Par nos travaux de recherche, nous cernons les catalyseurs du commerce illicite des minéraux susceptibles d’engendrer des conflits, dont les gemmes de couleur. Nous ciblons les réseaux impliqués dans la contrebande, examinons en quoi le laxisme des contrôles, dans les pays et les pôles commerciaux, a pour effet de faciliter le commerce illicite, puis nous formulons des recommandations en vue favoriser la formalisation du secteur de l’extraction minière artisanale.

Nous menons aussi des analyses au regard de la traçabilité et du devoir de diligence relativement à la chaîne d’approvisionnement en gemmes de couleur.

Nous innovons

Nous innovons

Nous avons participé à l’élaboration et à la mise en œuvre d’initiatives pour le secteur privé qui prônent la transparence et l’exercice du devoir de diligence au sein du secteur des gemmes de couleur, notamment le Guide OCDE sur le devoir de diligence pour des chaînes d’approvisionnement responsables en minerais provenant de zones de conflit ou à haut risque.

Nous assurons le développement des capacités et la sensibilisation des décideurs, de la société civile et du secteur privé quant à leur obligation de conformité avec le Guide OCDE sur le devoir de diligence.
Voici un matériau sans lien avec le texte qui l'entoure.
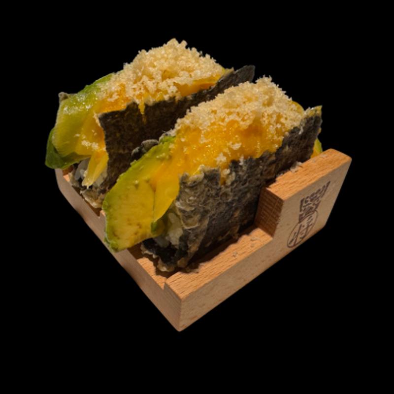 6 pieces of Mango Roll, 6 pieces of Yam Roll, 6 pieces of Avocado Cucumber Roll, 2 pieces of Egg Cake, 2 pieces of Bean Curd Pocket, 2 pieces of Seaweed Salad.
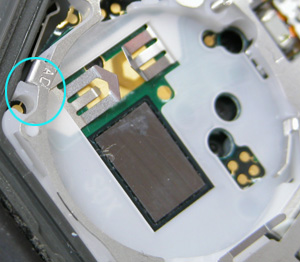 ここから押さえを外します。こうですね。電池はCR2016。

Avec les parties prenantes, nous mettons aussi au point des stratégies pour renforcer les contrôles et ainsi enrayer le commerce illicite.

Nous nous engageons

Nous nous engageons

Notre mission d’enrayer le commerce illicite des gemmes de couleur comporte un important volet de communications entre les parties prenantes pour mettre de l’avant la traçabilité et le devoir de diligence, mais aussi pour veiller à ce que les exploitants miniers artisanaux et leurs communautés retirent les bénéfices des minéraux.

Nous faisons partie du Groupe de travail multipartite sur les pierres précieuses (GTM-PP), une concertation de décideurs, d’entreprises privées et de représentants de la société civile soucieux de renforcer l’exercice du devoir de diligence au regard des pierres précieuses, notamment les gemmes de couleur.

Enfin, nous conscientisons et informons les consommateurs sur l’origine des gemmes de couleur qui les entourent.